Le Grand Canal du Nicaragua est une concession imposée à un pays vaincu

Entretien de Bernard Duterme du CETRI (Centre d’Etudes Tricontinentales Louvain-la-Neuve – Belgique)

avec Manuel Ortega Hegg, Président de l’Académie des Sciences du Nicaragua (ASN) du 17 mars 2016

 Quelles sont les principales critiques de l’ASN sur le projet du Grand Canal ? N’a-t-il pas un rapport coût/bénéfice positif, n’est-il pas une opportunité unique de développement, de prospérité et d’enrichissement pour le Nicaragua comme l’affirment ses promoteurs ?

Entre 2013 et novembre 2015, l’ASN a réuni cinq forums interdisciplinaires et deux ateliers internationaux sur le projet du canal avec des spécialistes de la communauté scientifique nationale et internationale. L’opinion qui s’en est dégagée fut unanime : le projet n’a pas suivi les bonnes pratiques reconnues internationalement, il fait preuve depuis son approbation de sérieuses déficiences quant à l’information et aux analyses de ses effets et, s’il est réalisé sans correction, il peut provoquer un désastre écologique et social de grande ampleur pour le pays et pour toute la région centraméricaine.

Tout ceci découle directement de l’opacité du processus ayant abouti à la concession et de l’absence d’études rigoureuses sur les risques environnementaux et sociaux susceptibles de démontrer que le rapport coût/bénéfice sera effectivement positif.

Nous critiquons sévèrement l’absence de transparence dans la négociation sur la concession et sur l’adjudication de celle-ci en secret et sans appel d’offres public. Or, selon des experts indépendants, plusieurs éléments de cette concession violent les principes et les droits de la Constitution politique du Nicaragua ainsi que d’autres conventions internationales ratifiées par le pays, comme la convention 169 de l’Organisation Internationale du Travail qui protège les droits des peuples indigènes. De ce point de vue cette concession ne peut être que défavorable pour le pays.

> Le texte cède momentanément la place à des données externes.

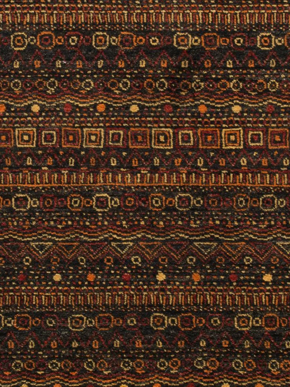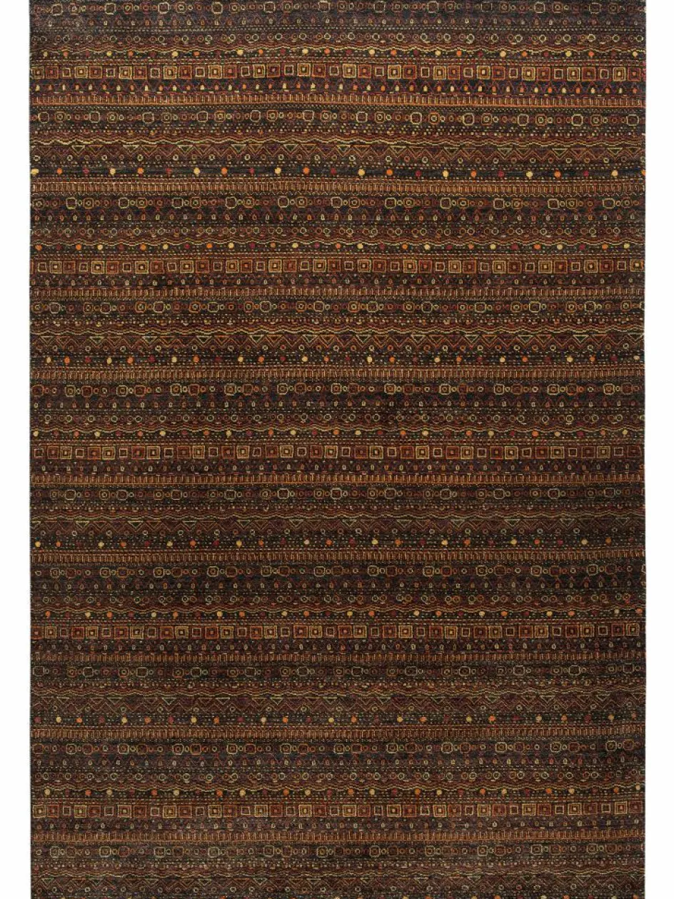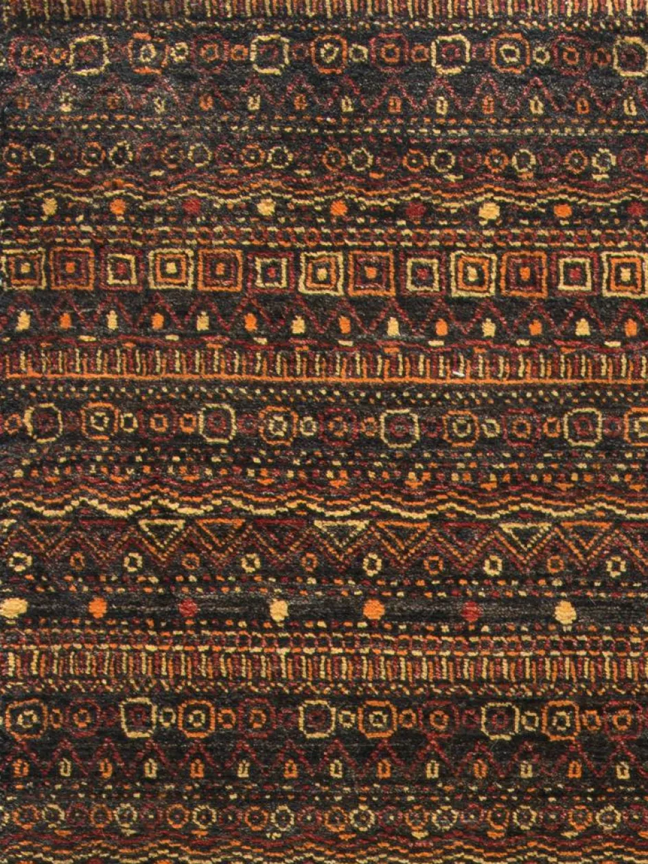 ist eine ungewöhnliche moderne Variation des traditionellen persichen Gabbehs. Er ist kürzer im Flor und feiner geknüpft. Es gibt zahllose Neukreationen in individuellen und einzigartigen Farben und Mustern.| Gesamthöhe: | ca. 10 mm |
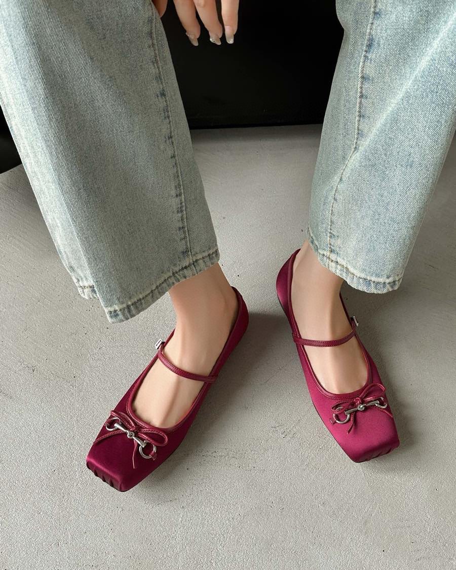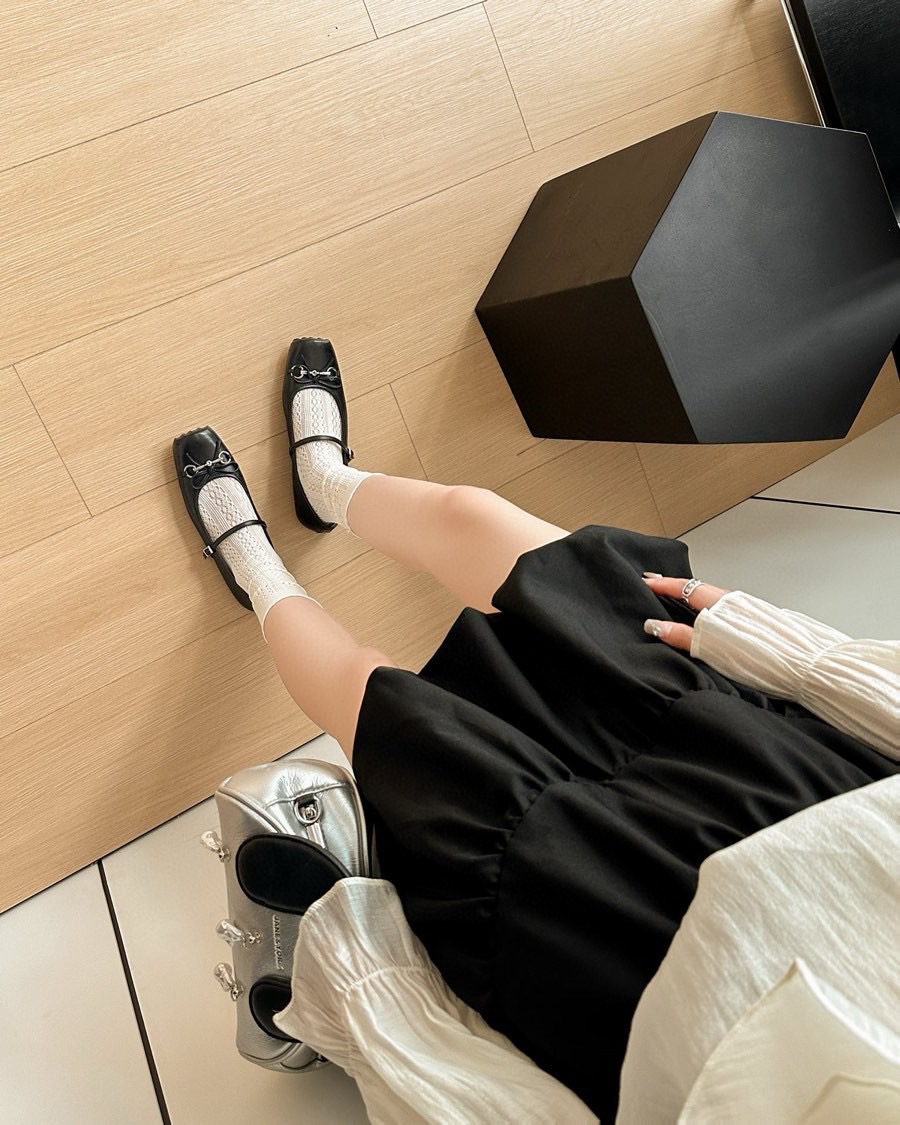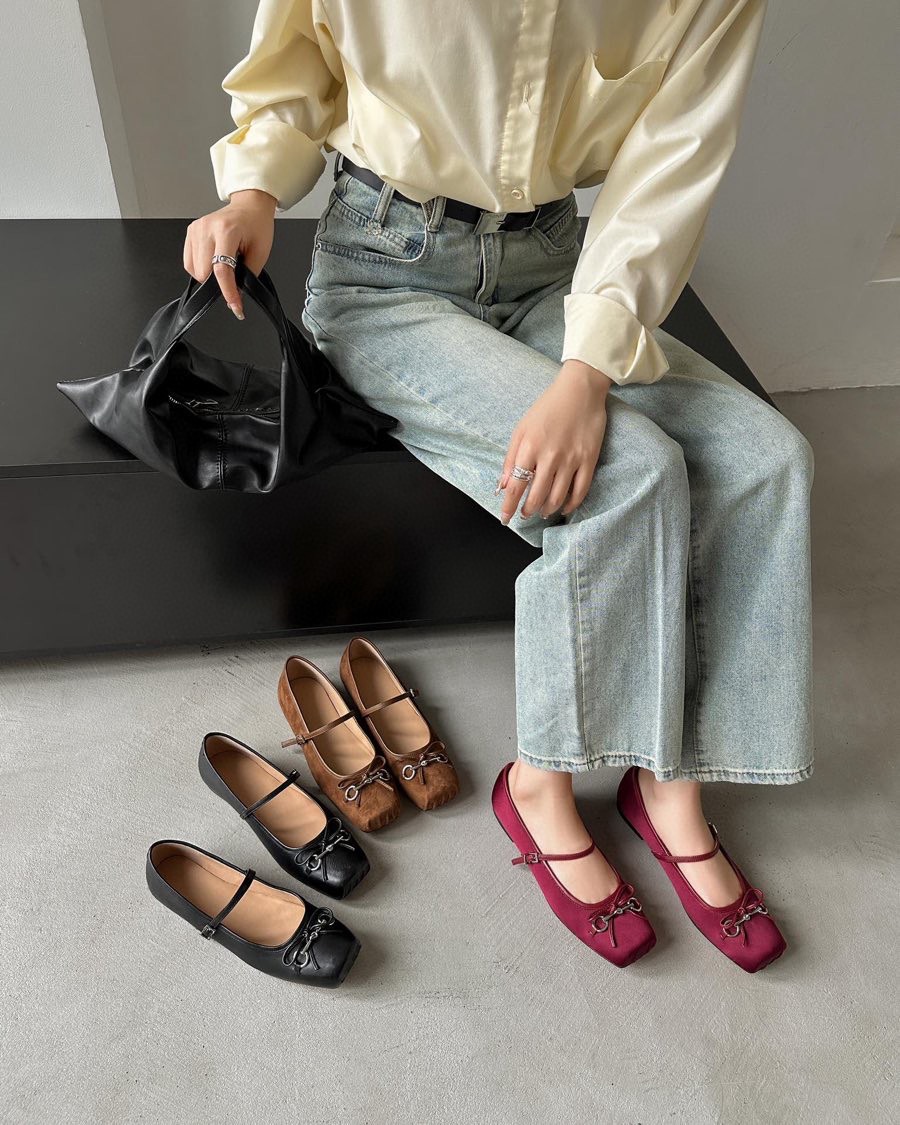 가을 새로운 프랑스 스타일 로우 힐 스퀘어 토 싱글 신발 플랫 바닥 얕은 입 여성용 우아한 정품 가죽 돼지 코 발레 신발

Nous critiquons aussi la précipitation avec laquelle on veut mettre la concession en application sans donner ni l’information, ni l’espace, ni le temps nécessaire pour que les citoyens et l’investigation scientifique puissent donner leur point de vue de manière indépendante, ce qui serait susceptible d’améliorer la décision prise.

Nous déplorons que le président Daniel Ortega n’ait pas ouvert d’espaces pour le débat et que semble prévaloir l’appât du gain pour l’investisseur, de même que l’agenda politique du gouvernement dominé par le FSLN qui semble pressé d’éveiller du rêve dans l’électorat à la veille des élections présidentielles de novembre 2016. Tout cela sans prendre en compte les risques écologiques, environnementaux et sociaux qui peuvent se révéler catastrophiques si le projet est réalisé dans la précipitation et sans les études rigoureuses et approfondies que requiert un projet de cette envergure.